(Stored dataset items)

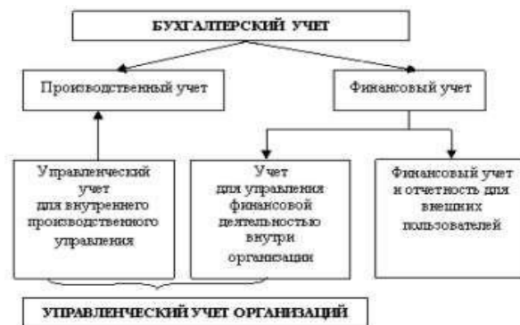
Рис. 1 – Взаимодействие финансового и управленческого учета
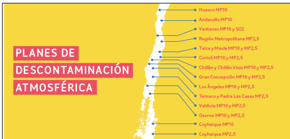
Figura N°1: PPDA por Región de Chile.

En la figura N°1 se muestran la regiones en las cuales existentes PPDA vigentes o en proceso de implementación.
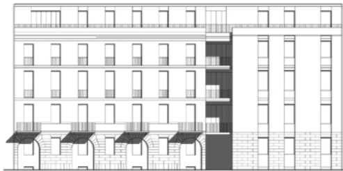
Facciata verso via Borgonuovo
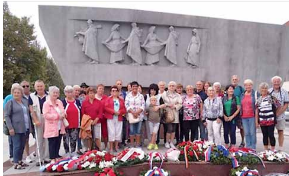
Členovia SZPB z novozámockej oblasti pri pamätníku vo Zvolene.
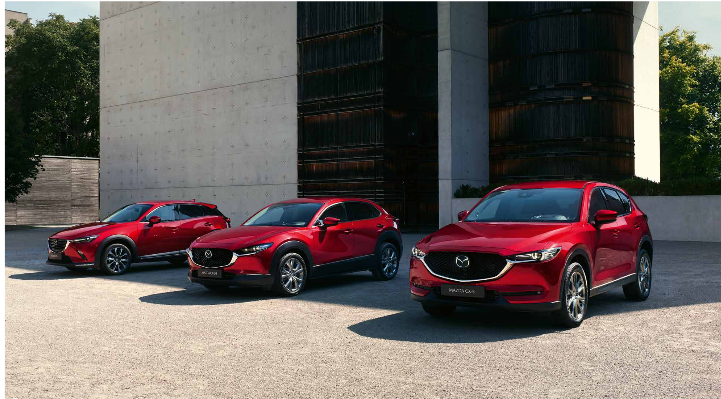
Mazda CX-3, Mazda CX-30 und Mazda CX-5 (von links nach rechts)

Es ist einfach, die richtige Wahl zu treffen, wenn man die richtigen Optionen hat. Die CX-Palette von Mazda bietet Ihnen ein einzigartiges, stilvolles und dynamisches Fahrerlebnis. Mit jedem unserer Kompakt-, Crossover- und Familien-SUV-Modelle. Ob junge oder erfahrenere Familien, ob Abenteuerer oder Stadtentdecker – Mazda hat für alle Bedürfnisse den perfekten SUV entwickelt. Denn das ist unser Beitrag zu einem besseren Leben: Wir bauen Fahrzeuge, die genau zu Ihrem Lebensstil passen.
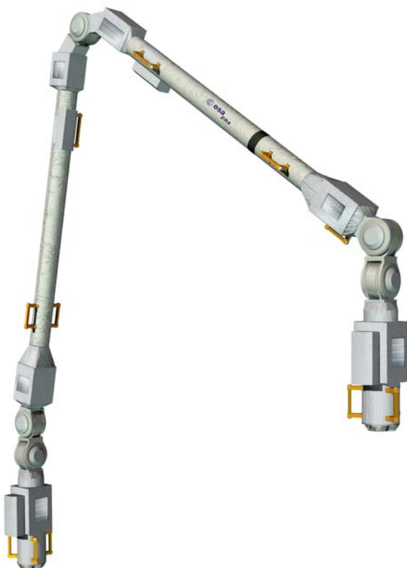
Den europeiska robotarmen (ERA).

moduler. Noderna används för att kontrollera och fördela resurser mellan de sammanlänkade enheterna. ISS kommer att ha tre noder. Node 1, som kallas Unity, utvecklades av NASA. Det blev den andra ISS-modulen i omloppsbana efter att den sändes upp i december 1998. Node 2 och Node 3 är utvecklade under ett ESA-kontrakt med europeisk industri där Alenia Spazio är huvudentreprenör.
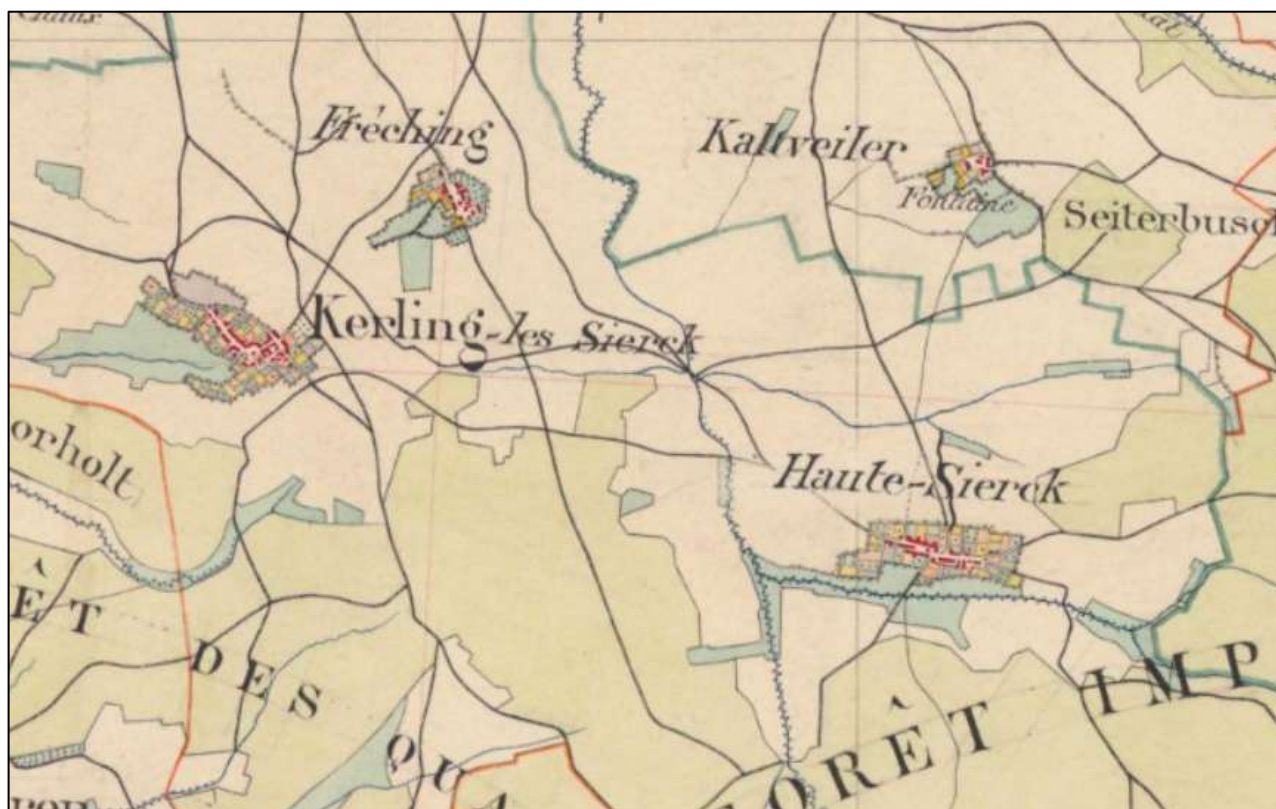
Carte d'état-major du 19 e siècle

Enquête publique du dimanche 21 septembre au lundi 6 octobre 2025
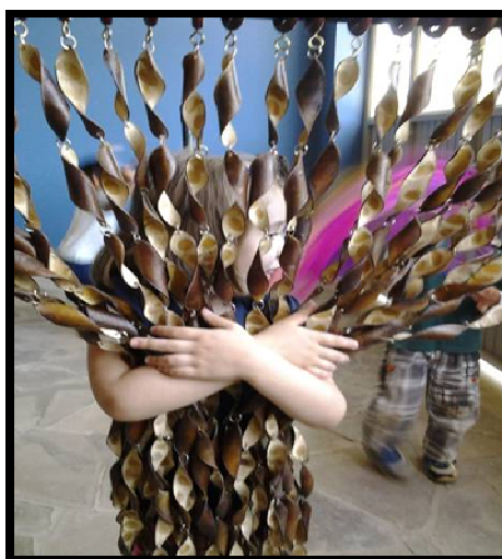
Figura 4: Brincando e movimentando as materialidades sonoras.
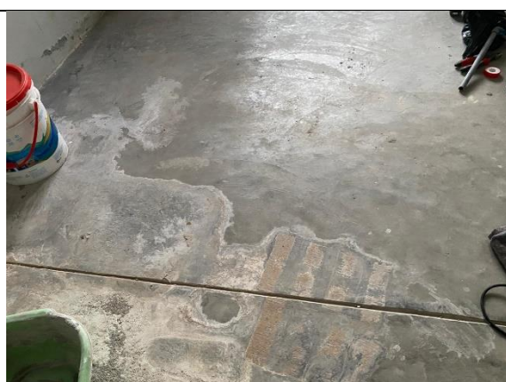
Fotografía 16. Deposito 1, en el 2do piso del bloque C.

* * *

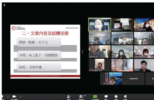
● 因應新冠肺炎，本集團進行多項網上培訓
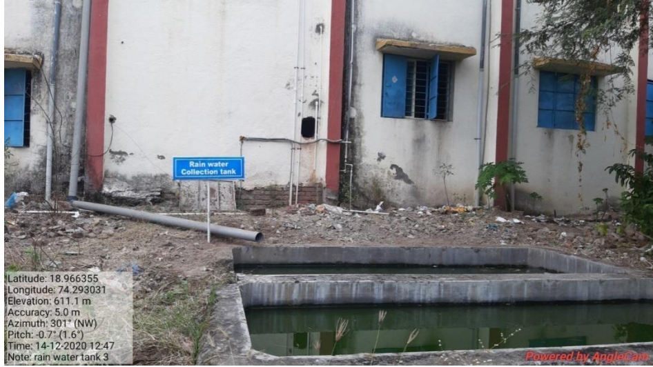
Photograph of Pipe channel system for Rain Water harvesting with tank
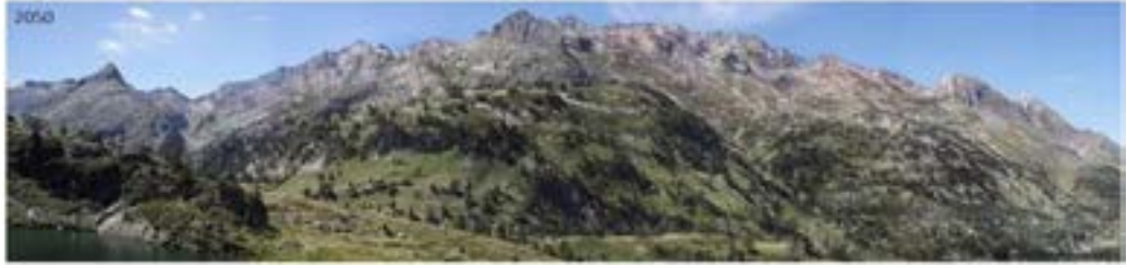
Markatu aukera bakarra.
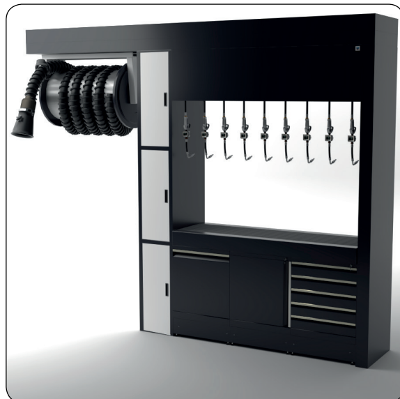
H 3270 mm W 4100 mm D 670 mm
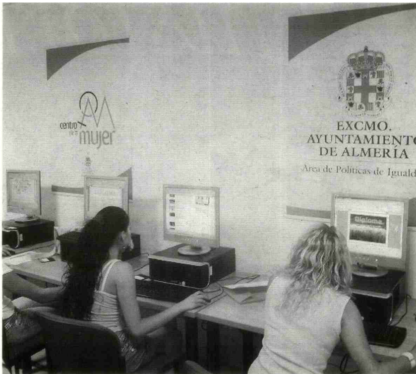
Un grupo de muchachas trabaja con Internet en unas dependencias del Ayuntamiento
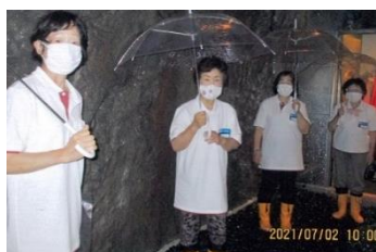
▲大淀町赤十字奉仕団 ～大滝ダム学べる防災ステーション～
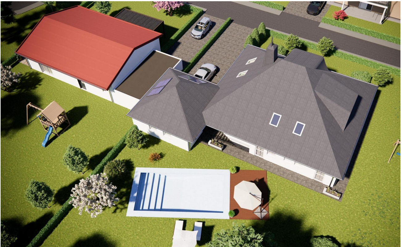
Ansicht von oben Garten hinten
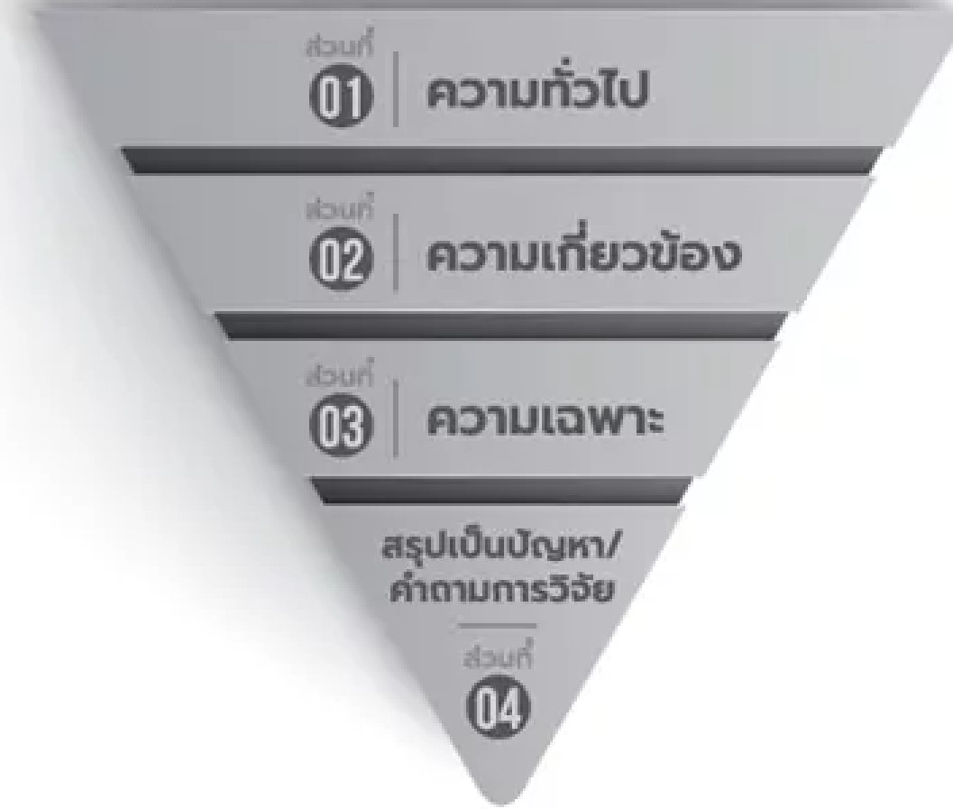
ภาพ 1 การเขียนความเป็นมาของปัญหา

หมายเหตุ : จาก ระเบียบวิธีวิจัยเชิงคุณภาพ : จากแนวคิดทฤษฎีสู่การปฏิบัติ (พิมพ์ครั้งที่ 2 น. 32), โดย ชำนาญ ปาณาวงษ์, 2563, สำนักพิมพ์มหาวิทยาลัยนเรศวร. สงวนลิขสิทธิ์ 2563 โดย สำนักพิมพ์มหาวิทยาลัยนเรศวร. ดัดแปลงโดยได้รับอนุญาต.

● **About this task**
Search the entries above for "PPDA". Show every line that has it.

● **Response to the exercise**
Figura N°1: PPDA por Región de Chile.
En la figura N°1 se muestran la regiones en las cuales existentes PPDA vigentes o en proceso de implementación.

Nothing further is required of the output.